Gordon Ramsay files $2.5 million lawsuit against former partner

LOS ANGELES, March 27 (TheWrap.com) - Gordon Ramsay has found yet another restauranteur to lay into -- and this time it's his former business partner.

The "Hell's Kitchen" hothead has filed a lawsuit seeking more than $2.5 million from Danny Lavy and Lavy's business 9226-7558 Quebec Inc., claiming that Lavy and the company breached their contract with Ramsay and made several false and defamatory comments about him in relation to a Canadian restaurant that they were involved in.

According to the suit, filed in Quebec Superior Court, Ramsay and the defendants entered into a licensing agreement in July 2011, with Ramsay agreeing to license his name and likeness to the restaurant Laurier Gordon Ramsay. However, in February, the agreement was terminated. Ramsay claims that, not only did the defendants terminate the agreement without proper cause, but they smeared his name in the press following the termination, which has Ramsay boiling-mad.

Ramsay's suit claims that Lavy and 9226 killed the agreement because they felt he hadn't provided significant promotional assistance or assistance with the restaurant and staff.

However, according to Ramsay, the agreement called only for the use of his name and likeness, and he bore no responsibility for the operation and management of the restaurant. In fact, according to Ramsay, the defendants specifically asserted that it was their right, not his, to manage the restaurant.

Furthermore, according to Ramsay, he participated in a promotional blitz for the restaurant's opening, and that he "provided advice and assistance above and beyond the scope of the agreement." This included, according to Ramsay, arranging for chef Andi van Willigan "to provide on-site assistance at the restaurant in the weeks running up to its opening" at no charge to the defendants.

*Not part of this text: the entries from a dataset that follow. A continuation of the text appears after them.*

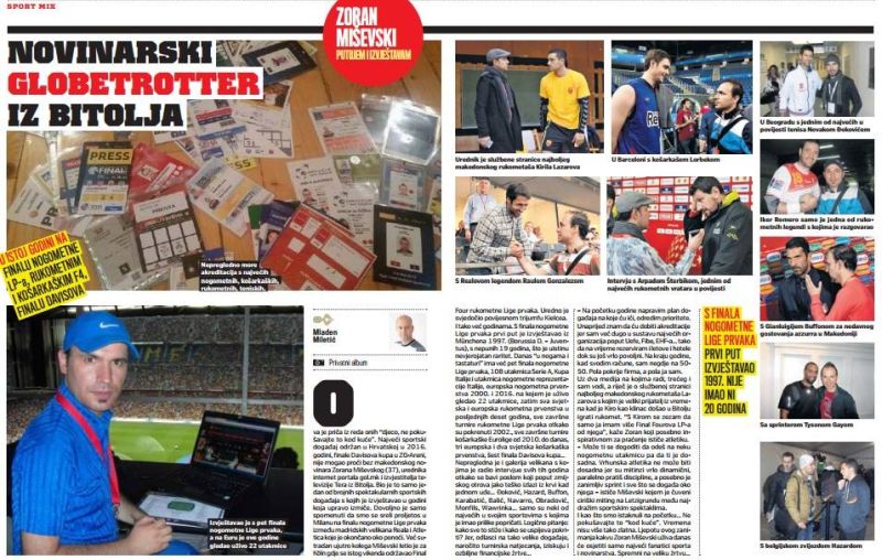 - Имам илјадници настапи, преноси, извештаи, јавувања. Работам настани и од домашниот и од меѓународниот спорт, врвни големи натпреварувања и домашни шампионати. Особено ме инспирираат големите настани и работата од теран. Често патувам и ги следам спортските настани во живо, голема е разликата меѓу натпреварите во живо и пред ТВ-екраните – вели Мишевски.
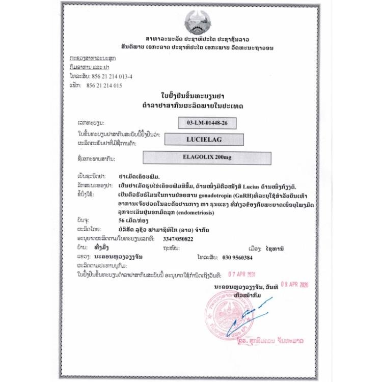 LuciElag 是一种促性腺激素释放激素 (GnRH) 受体拮抗剂,用于治疗与子宫内膜异位症相关的中度至重度疼痛。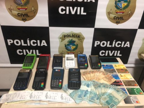 Após investigação, o suposto autor foi preso em flagrante no terminal de transporte público de Goianira, enquanto tentava fugir. Foram apreendidos cerca de 10 máquinas de cartões bancários utilizadas nos golpes, 30 cartões de crédito subtraídos das vítimas, além da quantia em dinheiro de R$ 4 mil. O material foi encontrado numa pousada onde o homem estava hospedado. “Ele sacava no caixa eletrônico o limite diário e passava os cartões das vítimas em máquinas de crédito e débito que ele carregava”, diz a delegada Carla.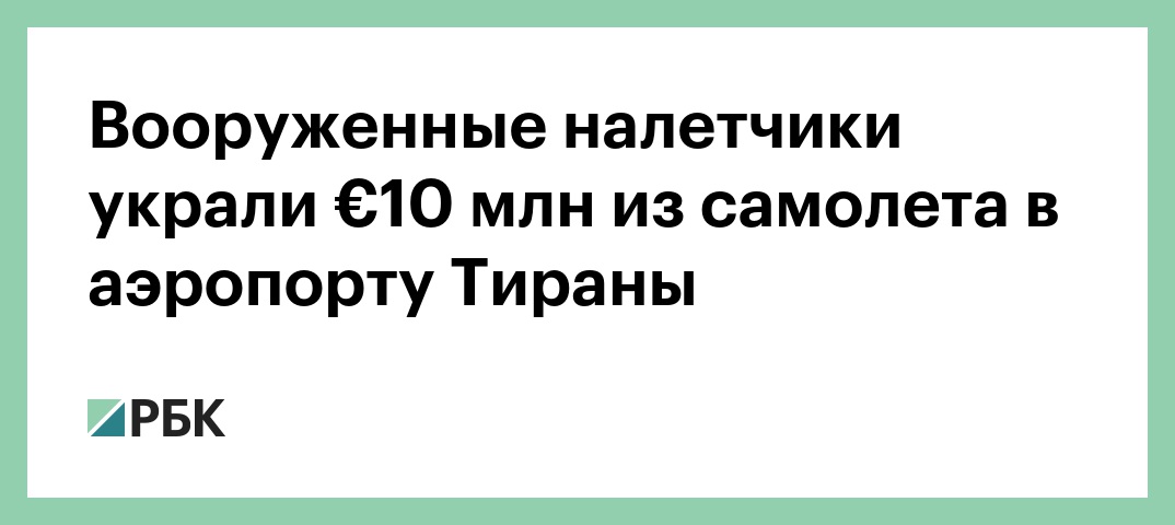 В Министерстве внутренних дел Албании сообщили, что грабители украли из самолета в общей сложности €10 млн. После того как они покинули самолет и намеревались скрыться, началась перестрелка с полицейскими, в результате которой один из грабителей был убит. Его личность пока не раскрывается.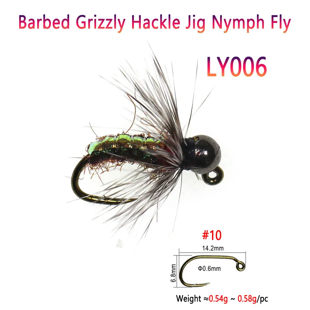 Estas ninfas se hunden rápidamente y cuentan con ganchos de cabeza jig y la mayoría cuentan con cuentas jig ponderadas.Si bien se utilizan habitualmente como moscas de ninfas de estilo europeo, estos patrones son muy efectivos bajo el agua.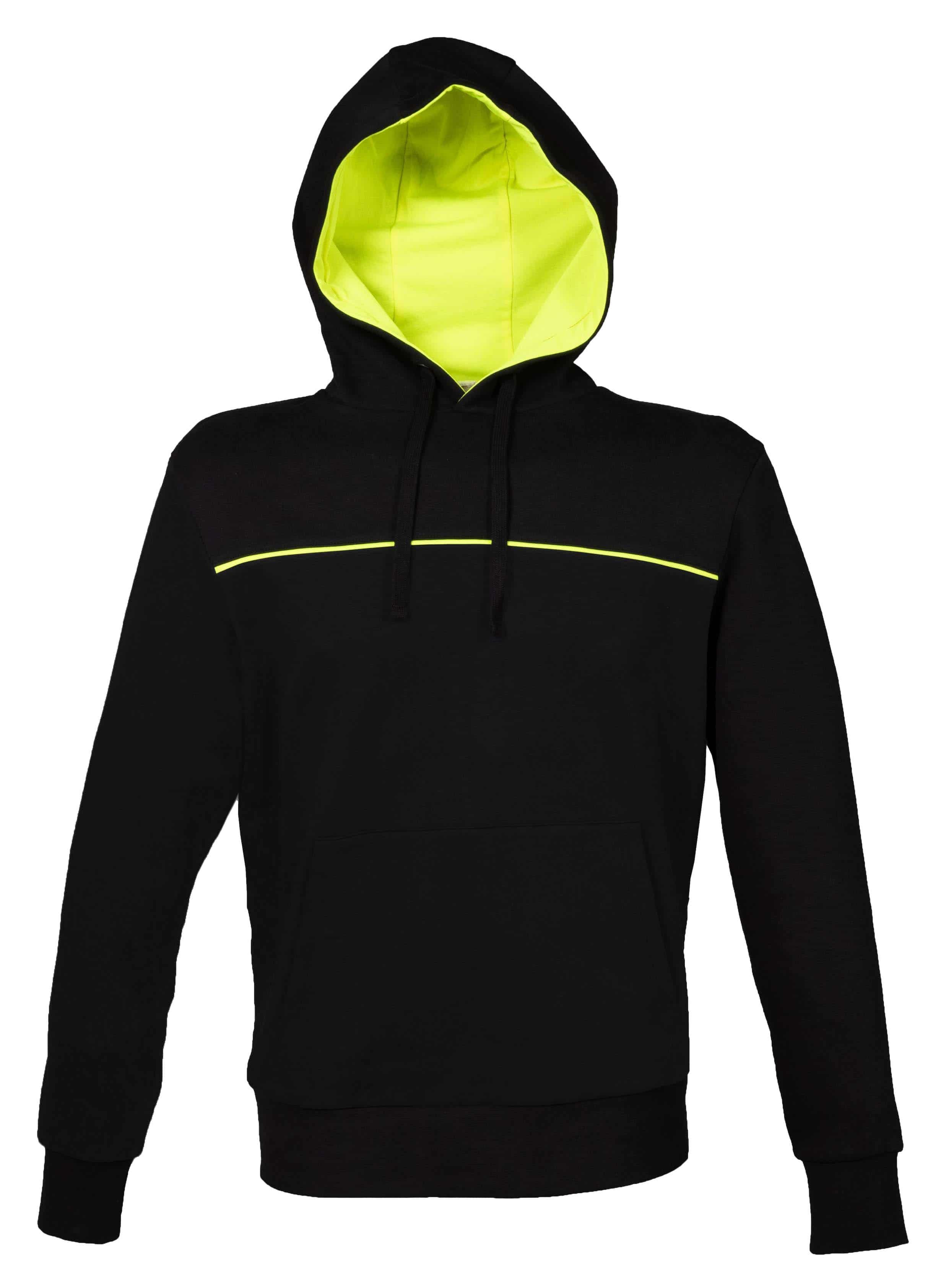 FELPA BICOLORE 80%COTONE – 20% POLIESTERE - Cappuccio foderato in jersey giallo fluo - Cordini neri - Attaccatura collo incrociata - Piping giallo fluo anteriore e posteriore - Tasca a marsupio - Polsini e fondo maglia in costina elasticizzata - Nastro di rinforzo giallo fluo all'interno del collo - Cuciture ribattute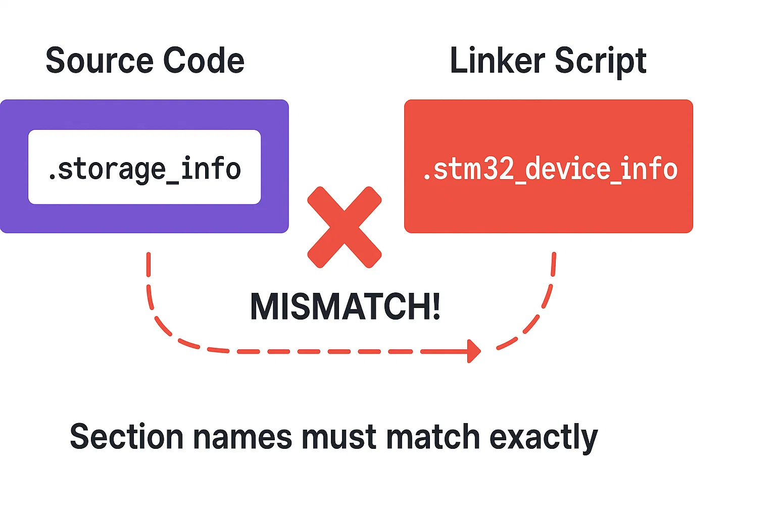 The root cause was a section name mismatch. The StorageInfo structure was placed in the .storage_info section, but the linker script was looking for .stm32_device_info.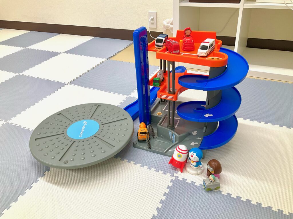 そして本日新しい乗り物の玩具と、運動に使うバランスボードが加わりました!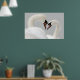 Our poster print features an original photograph of two beautiful wild white swans. The swans are gazing intently into each other's eyes, with their long graceful necks bending towards each other. The beautiful, romantic swan couple were photographed at Hogganfield Loch in Glasgow, Scotland, UK.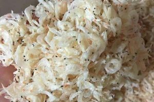 金钩海米,烟台特产之一,也称虾米、干虾仁、海米,为海产白虾、红虾、青虾经加盐蒸煮、干燥、晾晒、脱壳等工序制成的产品。因如舂谷成米,故称海米。又因形似鱼钩,故得名...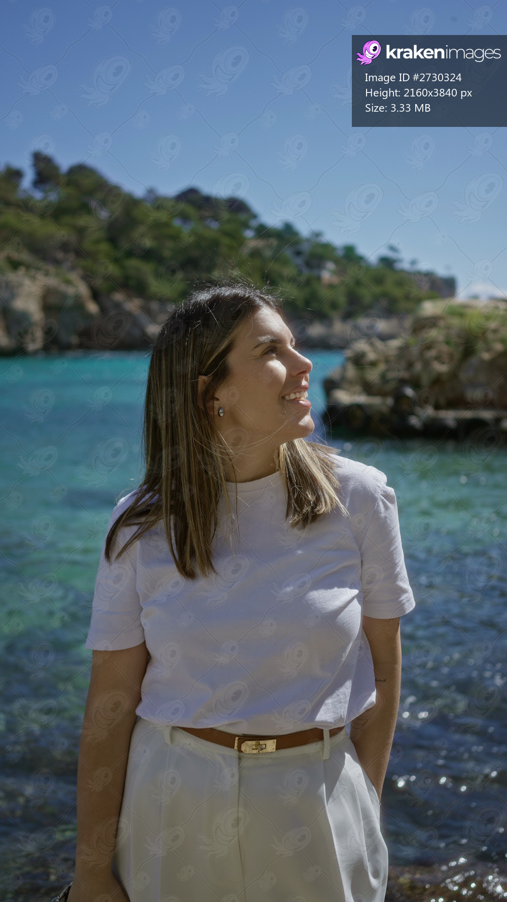 Woman smiling peacefully by the mediterranean on a sunny day in santanyi, mallorca with turquoise waters and lush greenery in the background.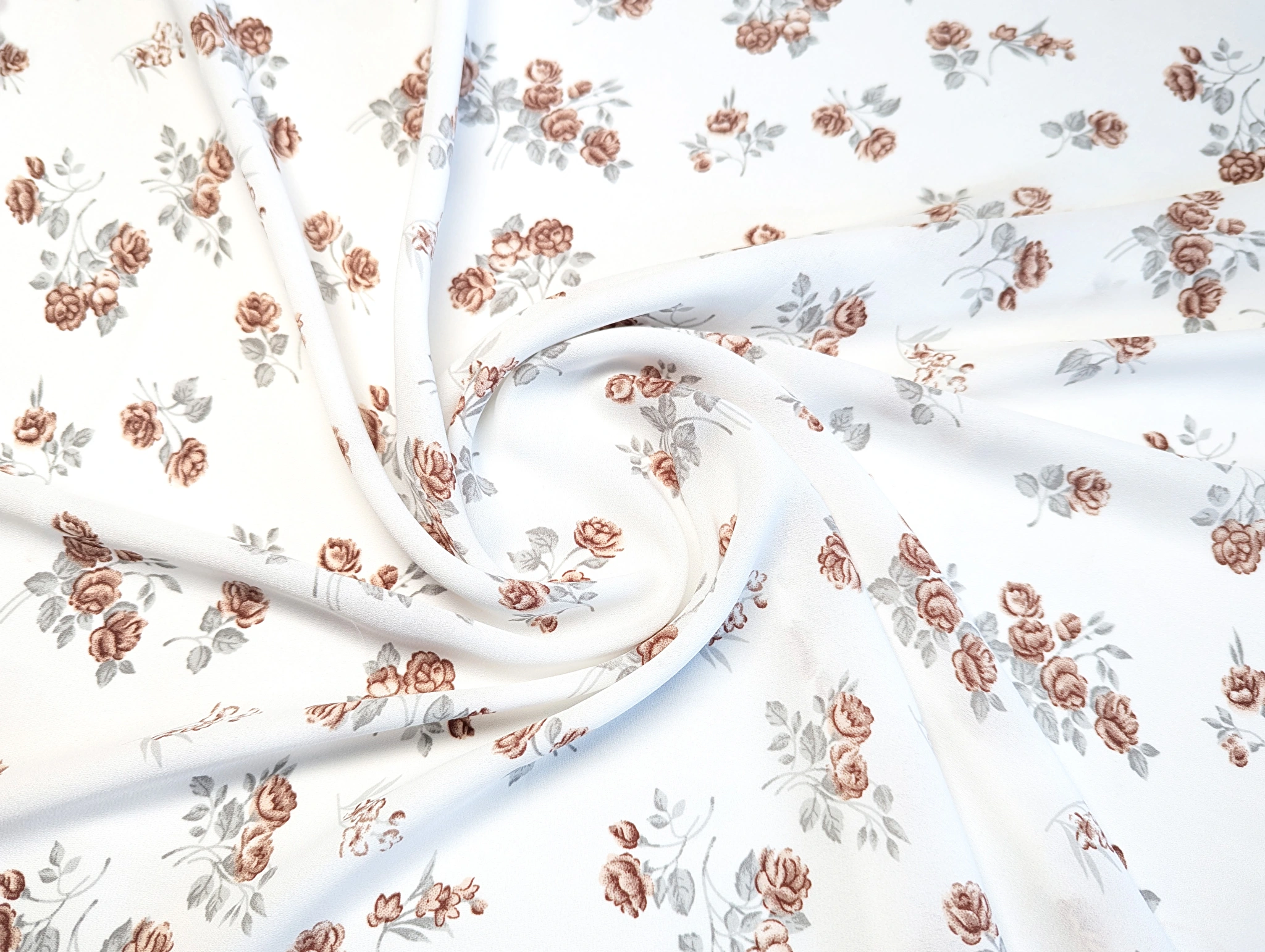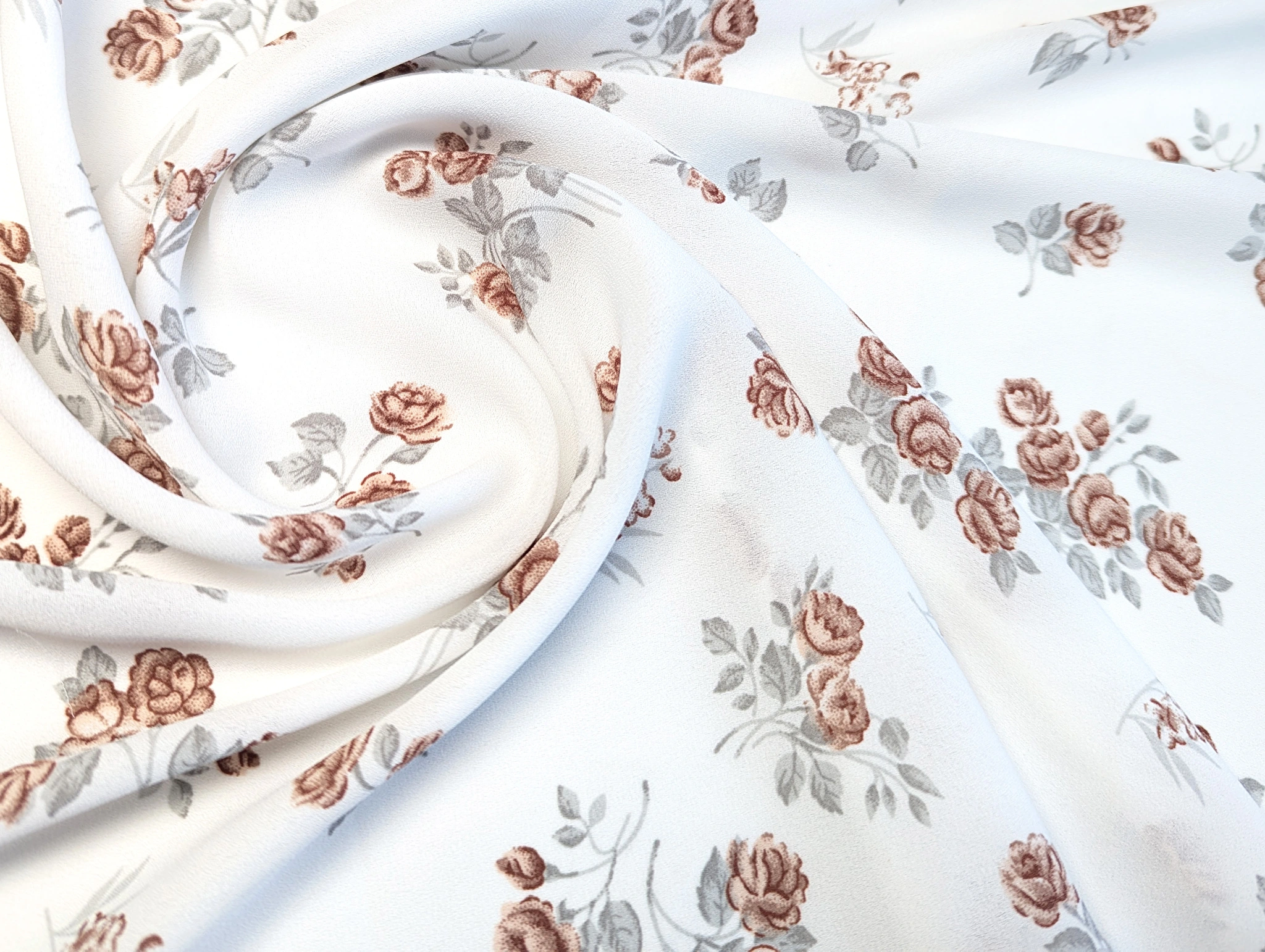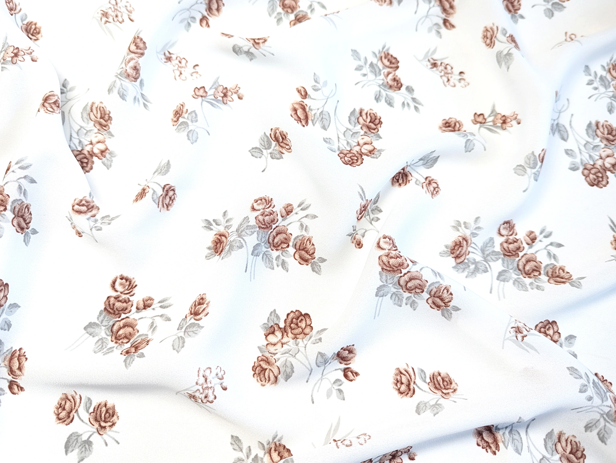 Креп шифон троянди, коричневий на молочному

When they decided to terminate the agreement, Ramsay claims that his former partners trashed him in the media, claiming, among other things, that he "was too busy to come to the restaurant," "didn't understand our vision," "just didn't get it" and, perhaps most injurious, he never came up with a "'wow' dish," just "a few tweaks on what we already had."

Ramsay is seeking numerous damages, including licensing fees both from the period of their agreement and fees that would have been due had the agreement not been terminated, plus moral damages, punitive damages, costs of promoting the restaurant, and legal costs.

Ramsay and Lavy already have bad blood between them; Lavy also owns a company that sells a brand of Ramsay kitchenware, and is suing the chef in the U.S. claiming a breach of their sub-licensing agreement, among other allegations. In the suit, Ramsay suggests that Lavy has used his pull at 9226 to get the company to cancel its own agreement with Ramsay to further "the wider fallout" between Lavy and Ramsay, "rather than because of any genuine belief that is in breach of the agreement."

Ramsay has seen his share of legal action lately; earlier this month, he sued publicist and former News of the World editor Phil Hall, claiming that Hall had sold private information about Ramsay obtained from hacked emails to British newspaper The Daily Mail.